I now feel the EA community contains the closest thing the Open Philanthropy Project has to a natural “peer group” - a set of people who consistently share our basic goal (doing as much good as possible), and therefore have the potential to help with that goal in a wide variety of ways, including both collaboration and critique. I also value other sorts of collaboration and critique, including from people who question the entire premise of doing as much good as possible, and can bring insights and abilities that we lack. But people who share our basic premises have a unique sort of usefulness as both collaborators and critics, and I’ve come to feel that the effective altruism community is the most logical place to find such people.

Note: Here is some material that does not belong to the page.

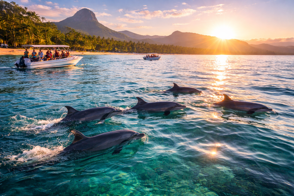 Another unforgettable experience is swimming with dolphins in Tamarin Bay, located on the west coast of Mauritius. Early morning boat trips allow visitors to see dolphins in their natural environment, making this one of the most exciting activities on the island.

This isn’t to say I support the effective altruism community unreservedly; I have concerns and objections regarding many ideas associated with it and some of the specific people and organizations within it. But I’ve become more positive compared to my early impressions.

More detail on this topic

Changing my mind about general properties of promising ideas and interventions

Of the topics discussed here, this one is the hardest to trace the evolution of my thinking on, and the hardest to summarize.

I used to think one should be pessimistic about any intervention or idea that doesn’t involve helpful “feedback loops” (trying something, seeing how it goes, making small adjustments, and trying again many times) or useful selective processes (where many people try different ideas and interventions, and the ones that are successful in some tangible way become more prominent, powerful, and imitated). I was highly skeptical of attempts to make predictions and improve the world based primarily on logic and reflection, when unaccompanied by strong feedback loops and selective processes.

I still think these things (feedback loops, selective processes) are very powerful and desirable; that we should be more careful about interventions that don’t involve them; that there is a strong case for preferring charities (such as GiveWell’s top charities) that are relatively stronger in terms of these properties; and that much of the effective altruism community, including the people I’ve been most impressed by, continues to underweight these considerations. However, I have moderated significantly in my view. I now see a reasonable degree of hope for having strong positive impact while lacking these things, particularly when using logical, empirical, and scientific reasoning.

Learning about the history of philanthropy - and learning more about history more broadly - has been a major factor in changing my mind. I’ve come across many cases where a philanthropist, or someone else, seems to have had remarkable prescience and/or impact primarily through reasoning and reflection. Even accounting for survivorship bias, my impression is that these cases are frequent and major enough that it is worth trying to emulate this sort of impact. This change in viewpoint has both influenced and been influenced by the two topics discussed above.

More detail on this topic

Conclusion

Over the last several years, I have become more positive on the cause of potential risks from advanced AI, on the effective altruism community, and on the general prospects for changing the world through relatively speculative, long-term projects grounded largely in intellectual reasoning (sometimes including reasoning that leads to “wacky” ideas) rather than direct feedback mechanisms. These changes in my thinking have been driven by a number of factors, including by each other.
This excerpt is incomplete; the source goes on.